Joyple Games @JoypleGames
ゲーム概要
- 崩してもペナルティ無し バランスゲームが苦手な人でも安心です
- バランスゲーム+ビンゴ、いかにも運ゲーのように見えて実は……!?
- 石積みの技術、人を誘導する言葉の力、勝つのはどっち?
プレイ人数 | 2〜7人 | プレイ時間 | 10〜30分 |
---|---|---|---|
対象年齢 | 8歳〜 | 価格 | 100円 |
発売時期 | 2022秋 | 予約 | 可 |
ゲームデザイン | deztec | イラスト・DTP | イラストAC |
ゲーム詳細
木ゴマを積み上げていくバランスゲームにビンゴを組み合わせた作品です。
ルールは簡単です。
- ボード上の1つのマスに木ゴマを3つ積むと、そのマスの数字が全員のビンゴで達成となります
- さらに3つ、計6個積むと、そのマスの周囲8マスも達成となります
- さらに3つ、計9個積むと、さらに外側の16マスも達成となります
- 崩れてもゲームは続行され、崩れた石も積んだ数に数えるので、崩れた石の上にまた積んでいけます
- 石を全て積むか、誰かが12ビンゴを達成したら1ラウンド終了
- 2ラウンド行い、達成したビンゴの数で勝敗を決します
石塔が崩れてもペナルティは一切ありません。何度崩れても、不屈の精神で石積みを再開してください。
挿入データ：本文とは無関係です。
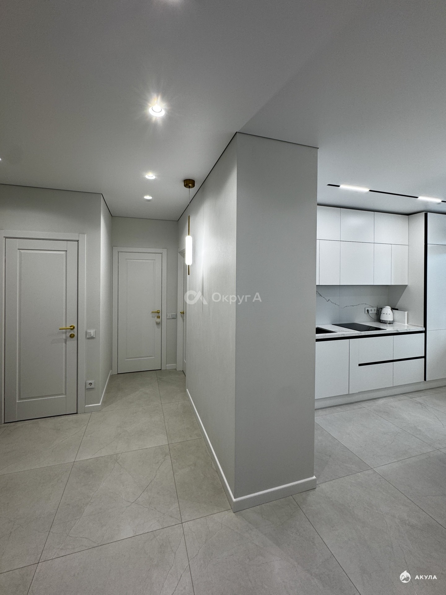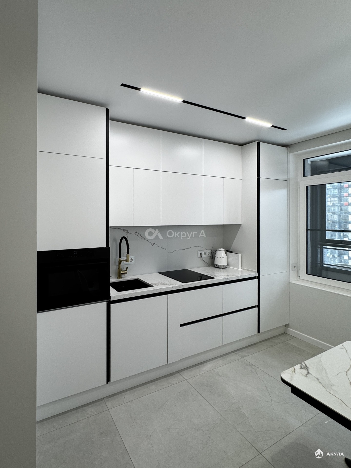 * Потолок по всей квартире с теневым профилем еврокраб, индивидуальное освещение Denkirs;
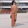 Tencel Linen Summer Set: Plus Size Casual Loose Top & Wide Leg Pants for Middle-Aged Moms.
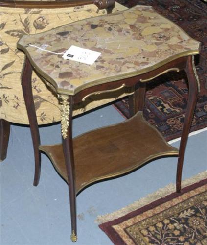 FRENCH STYLE MARBLE TOP SIDE TABLE with gilt mounts, marble with crack, circa 1900, SHIPPING: See recommended third party shippers. This item can't be packed or shipped by seller.,
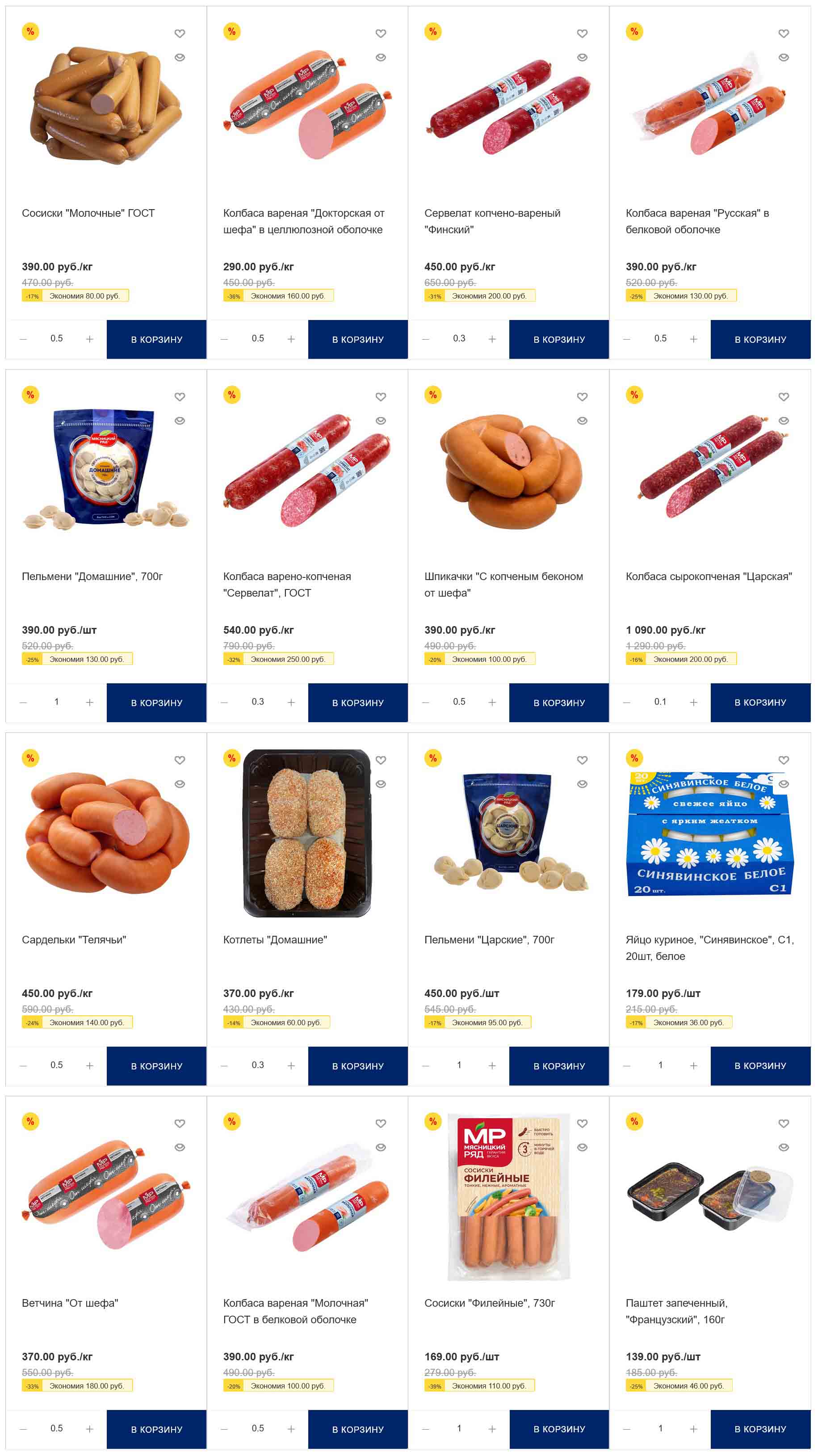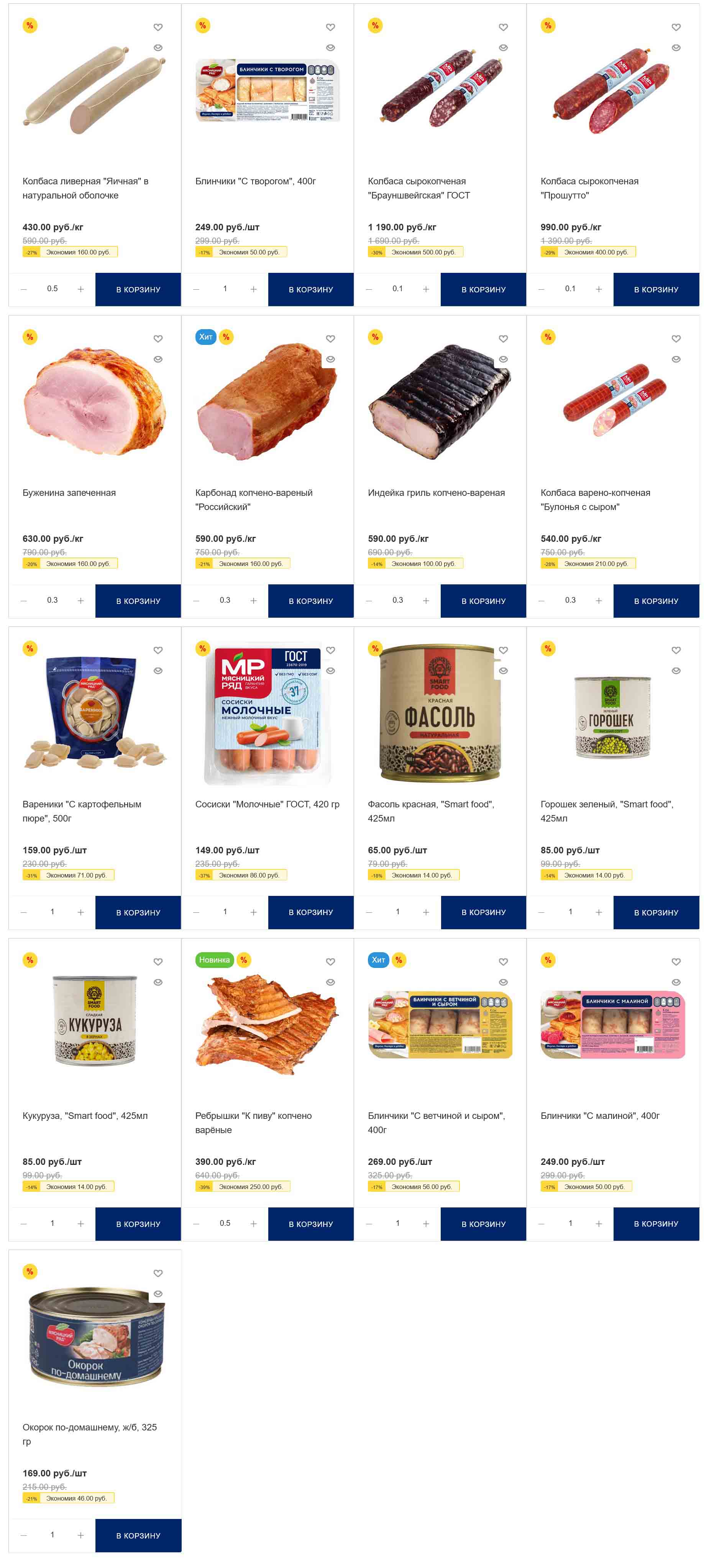 На страницах каталога Мясницкий Ряд вы найдете все свои любимые товары, которые сейчас предлагаются в супермаркете. Не пропустите последние специальные предложения и сэкономьте на покупках. Цены по акции Мясницкий ряд действуют в городах: Москва, Балашиха, Химки, Подольск, Королев, Мытищи, Люберцы, Электросталь, Коломна, Одинцово, Железнодорожный, Серпухов, Орехово-Зуево, Красногорск, Щелково, Сергиев Посад, Пушкино, Жуковский, Ногинск, Раменское, Клин, Воскресенск, Домодедово и многих других населенных пунктах Московского региона.
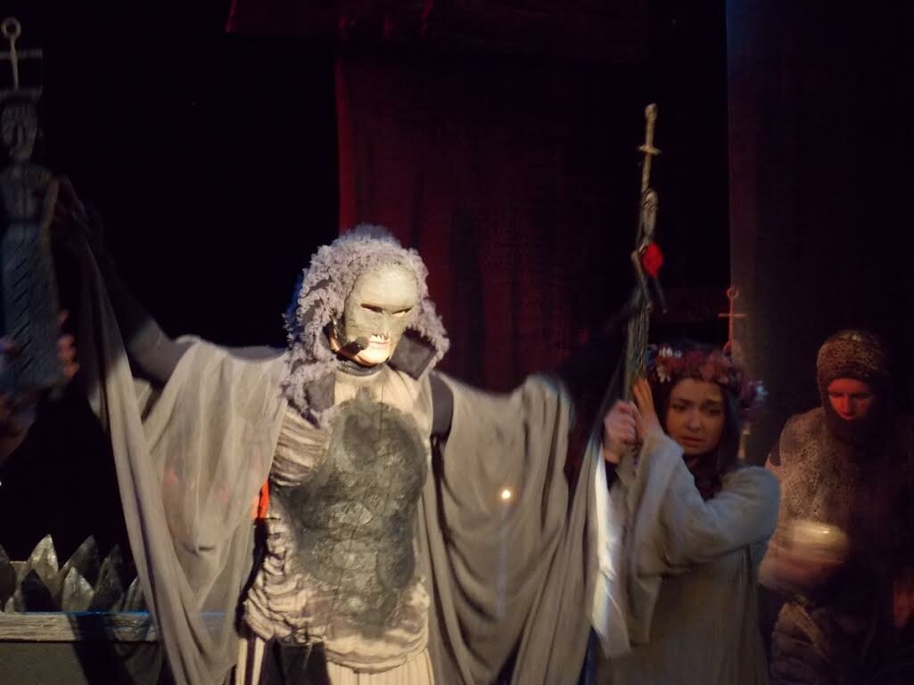 Можно было бы и удивляться выбору спектакля «Ладдзя Роспачы» актрисой в качестве бенефисного. Перед зрителем сразу же разверзлось сценическое пространство, погружающее в бездонный сумрак Средневековья. Для постановки режиссёра Виктора Климчука характерен глубокий и детальный символический язык, подчёркивающий наличие такого же символического мышления у представителей данной эпохи. Однако выбор был не случайным.
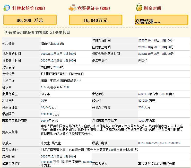 經過135輪競價,嘉興錦灝貿易有限責任公司(新希望)以上限價12.02億元競得海自然字20154號地塊,樓麵價10730元/㎡,溢價率49.88%,競配安置房面積15900㎡。

ポンポン積んでいけば、最短2~3分で1ラウンド終ります。平均的には10分程度でしょうか。それを2ラウンドやってゲーム終了となるので、20分をプレイ時間の目安としています。
「7人まで」としているのは、コンポーネントとして用意している筆記具が7本だからで、9人でも10人でもプレイは可能です。また最少人数は「2人から」としていますが、スコアアタックなら1人プレイも可能です。
ゲームの世界観
死者が辿り着く、三途の川。その手前にあるのが「賽の河原」です。親より早くに亡くなった子らは、賽の河原で石を積み、その功徳をもって成仏を目指します。しかし賽の河原には鬼がおり、積まれた石を崩して回ります。はたして、小さな魂たちが成仏できる日は来るのでしょうか。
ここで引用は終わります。